In May 1972, the British Minister of State for Northern Ireland requested a short note on the origins of the Black and Tans and the B Specials.

Lord Windlesham requested the historical brief regarding the Black and Tans and B Specials “at a time when the Royal Ulster Constabulary is under strength and there is talk of a need for a sizeable increase in police manpower in Northern Ireland.”

Lord Windlesham had just moved from Home Affairs to the newly created Northern Ireland Office after the imposition of Direct Rule at the end of March 1972. The north of Ireland was in the midst of another conflict which was indeed about to deteriorate over the next few weeks and Windlesham reckoned that “some of the arguments which must have been used when the two forces… were formed were likely to recur.”

In particular, Windlesham requested information regarding:

  • “The circumstances which led to the formation of the special forces”
  • “What history has to tell us about them with hindsight”
  • “Whether there are any lessons to keep in mind at the present time”

Windlesham was a British peer whose family, the Hennessy family, was of Anglo-Irish stock so he may have been more attuned to the lessons of the past in Ireland.

Nevertheless, this is a British paper for a British minister regarding special police forces organised for the defence of British interests in Ireland. The opening line reminds us of that immediately:

“The Black and Tans have become part of Irish mythology.”

Although written from a particular perspective for a specific audience, the paper is still very interesting as discussions of how we remember the likes of the Black and Tans are very current today as the Irish Government prepares to commemorate those who served with the Royal Irish Constabulary – which included the Black and Tans and B Specials.

For some in Ireland, the RIC was a pillar of law and order; for others, it was a police force used as a blunt instrument to uphold British interests during the British occupation of the 32 counties.

This has led to a very interesting debate regarding memory, corporate memory, commemoration, history and reconciliation within the Irish and British isles.

The 1972 brief continues:

“Although it took some time for the morale of the RIC to break, it was hardly surprising that a campaign of murder on this scale would lead to police reprisals, particularly against known leaders of Sinn Féin which at that time was the de facto Government of Ireland…”

“It is nevertheless beyond dispute that the activies of the Black and Tans did a great deal to harden Irish opinion in favour of Sinn Féin and what it stood for.”

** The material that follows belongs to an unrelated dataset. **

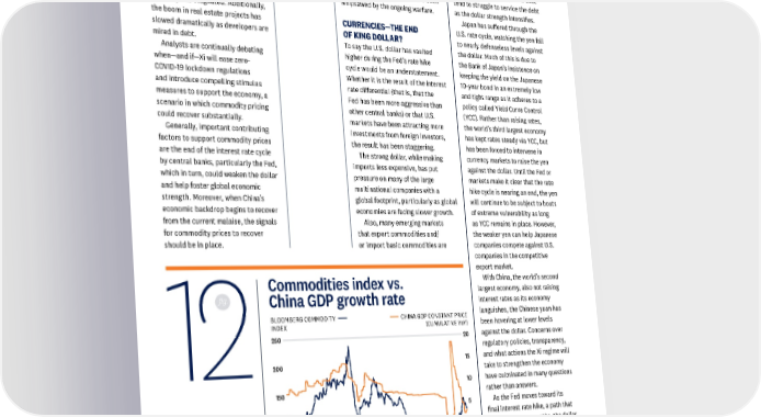 OUTLOOK 2023 The commodity super cycle spurred In addition, an end of the Ukraine- more vulnerable as the strong by China’s hyper-growth rate in the Russia conflict could help extract dollar weakens demand. Emerging beginning of the century has waned some of the uncertainty embedded in markets with dollar-denominated significantly [Fig. 12]. As China’s agricultural, oil, and an assortment sovereign debt and corporate debt leadership has focused on containing of metal commodities that have been tend to struggle to service the debt COVID-19 at all costs, the once strong whipsawed by the ongoing warfare. as the dollar strength intensifies. economy has stagnated. Additionally, Japan has suffered through the the boom in real estate projects has CURRENCIES—THE END U.S. rate cycle, watching the yen fall slowed dramatically as developers are OF KING DOLLAR? to nearly defenseless levels against mired in debt. To say the U.S. dollar has vaulted the dollar. Much of this is due to Analysts are continually debating higher during the Fed’s rate hike the Bank of Japan’s insistence on when—and if—Xi will ease zero- cycle would be an understatement. keeping the yield on the Japanese COVID-19 lockdown regulations Whether it is the result of the interest 10-year bond in an extremely low and introduce compelling stimulus rate differential (that is, that the and tight range as it adheres to a measures to support the economy, a Fed has been more aggressive than policy called Yield Curve Control scenario in which commodity pricing other central banks) or that U.S. (YCC). Rather than raising rates, could recover substantially. markets have been attracting more the world’s third largest economy Generally, important contributing investments from foreign investors, has kept rates steady via YCC, but factors to support commodity prices the result has been staggering. has been forced to intervene in are the end of the interest rate cycle The strong dollar, while making currency markets to raise the yen by central banks, particularly the Fed, imports less expensive, has put against the dollar. Until the Fed or which in turn, could weaken the dollar pressure on many of the large markets make it clear that the rate and help foster global economic multinational companies with a hike cycle is nearing an end, the yen strength. Moreover, when China’s global footprint, particularly as global will continue to be subject to bouts economic backdrop begins to recover economies are facing slower growth. of extreme vulnerability as long from the current malaise, the signals Also, many emerging markets as YCC remains in place. However, for commodity prices to recover that export commodities and/ the weaker yen can help Japanese should be in place. or import basic commodities are companies compete against U.S. companies in the competitive export market. Commodities index vs. With China, the world’s second largest economy, also not raising fig. China GDP growth rate interest rates as its economy BLOOMBERG COMMODITY CHINA GDP CONSTANT PRICE languishes, the Chinese yuan has INDEX (CUMULATIVE YoY) been hovering at lower levels 250 20 against the dollar. Concerns over regulatory policies, transparency, 12 200 15 and what actions the Xi regime will take to strengthen the economy 10 have culminated in many questions 150 rather than answers. 5 As the Fed moves toward its 100 final interest rate hike, a path that 0 could take many months, the dollar should lose some of its seemingly 50 -5 relentless force and fall to levels that are commensurate with offering 0 2001 2006 2011 2016 2022-10 stability to global markets, but also helping U.S. companies compete for Source: LPL Research, Indexes are unmanaged and cannot be invested into directly. business internationally. Bloomberg 11/15/22 Past performance is not a guarantee of future results. 14
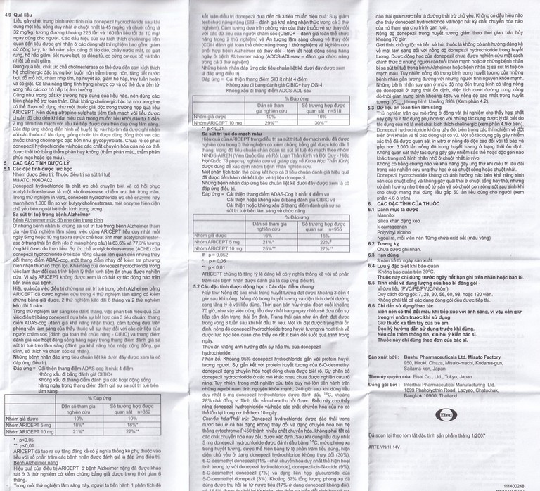 Điều này cho thấy rằng donepezil hydrochloride và/hoặc các chất chuyển hóa của nó có thể tồn tại trong cơ thể hơn 10 ngày.

“In the circumstances of widespread guerilla warfare, and bearing in mind that the new recruits were plunged into a situation which they could hardly understand and had furthermore just spent up to five years in the trenches, it is hardly surprising that they behaved with some measure of brutality.”

“However, as a recent commentator [British historian Robert Kee] said, ‘The increasingly brutal behaviour of the police, and the very rough Black and Tan reprisal which was soon to develop, grew out of a situation in which an Irishman could have a shotgun discharged into his knee simply for joining the RIC or be killed while sitting drinking in uniform in a bar, or, having been shot in the back while on routine patrol, be finished off while lying on the ground asking for mercy. These things all happened before any Black and Tan campaign had started in Ireland and at a time when all attacks on the police were abhorred and vigorously denounced both by local priests and also by bishops of the Church that represented the vast majority of the people of Ireland.'”

The British civil servant then draws the history lesson to 1972 Northern Ireland:

“Perhaps the main lesson… is that any body of men from Great Britain who should find themselves in the difficult position of having to interfere in Irish affairs, are all too likely to be accused of behaving like the Black and Tans.”

“It is to the credit of the [British] Army that despite the almost routine Irish procedure of charges of brutality, they have so far managed on the whole to avoid being credibly presented as the reincarnation of their predecessors 52 years ago.”

The British Army’s massacres of Irish civilians in Ballymurphy (August 1971) or Derry (January 1972) are not considered; nor are the killings of the clandestine British Army Military Reaction Force, which began its shooting of civilians in earnest in May 1972.